#### Stored data ####

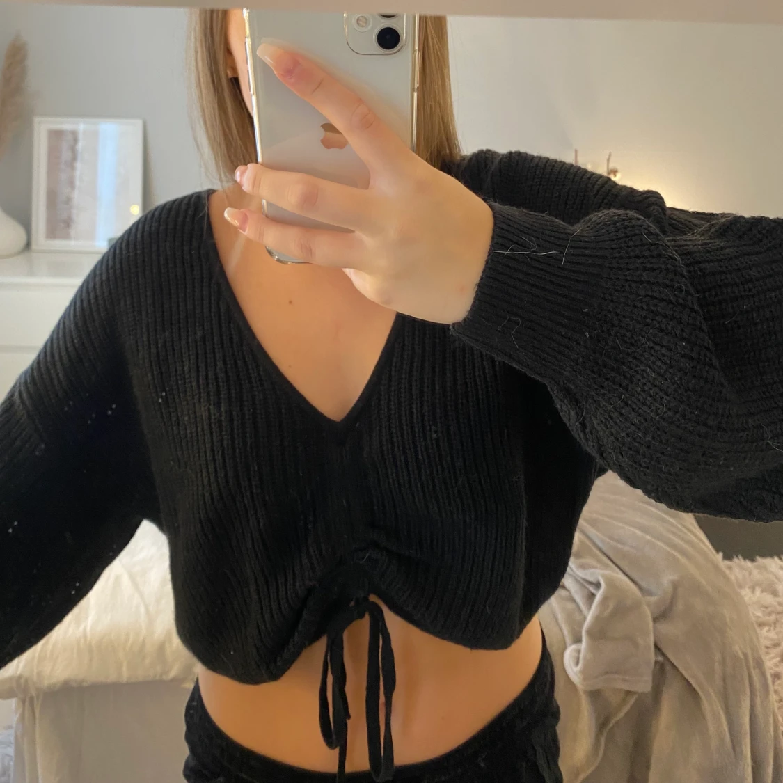 stickadtröja från hm med snörning i mitten så man själv kan bestämma hur man vill ha den, aldrig använd men funkar till så många olika tillfällen
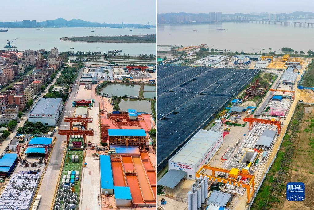 拼版照片:左圖為深江鐵路珠江口隧道東莞虎門段盾構起始點(4月7日攝,無人機照片),右圖為深江鐵路珠江口隧道廣州南沙段盾構起始點(4月10攝,無人機照片)。
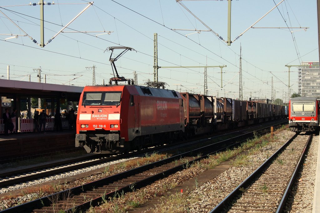 Durchfahrt in München Ost Richtung Norden am 09.05.2011: BR 152 118-6 mit ihrem GZ.
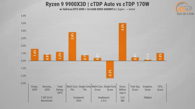 Окрім стандартного режиму, ми додатково перевірили користь від збільшення cTDP до 170 Вт. Помітне збільшення енергоспоживання лише у деяких синтетичних тестах забезпечило прискорення на 4-5%, зазвичай результат значно скромніший, а іноді і взагалі від’ємний, адже CPU стає гарячіше і він дещо скидає робочі частоти.

####

## Work to be completed
Only the lines that lie between the start of the listing and the line containing "Durchfahrt in München", both included, belong in the answer; write them out exactly and omit pictures.

## Answer to the exercise
 stickadtröja från hm med snörning i mitten så man själv kan bestämma hur man vill ha den, aldrig använd men funkar till så många olika tillfällen
 拼版照片:左圖為深江鐵路珠江口隧道東莞虎門段盾構起始點(4月7日攝,無人機照片),右圖為深江鐵路珠江口隧道廣州南沙段盾構起始點(4月10攝,無人機照片)。
 Durchfahrt in München Ost Richtung Norden am 09.05.2011: BR 152 118-6 mit ihrem GZ.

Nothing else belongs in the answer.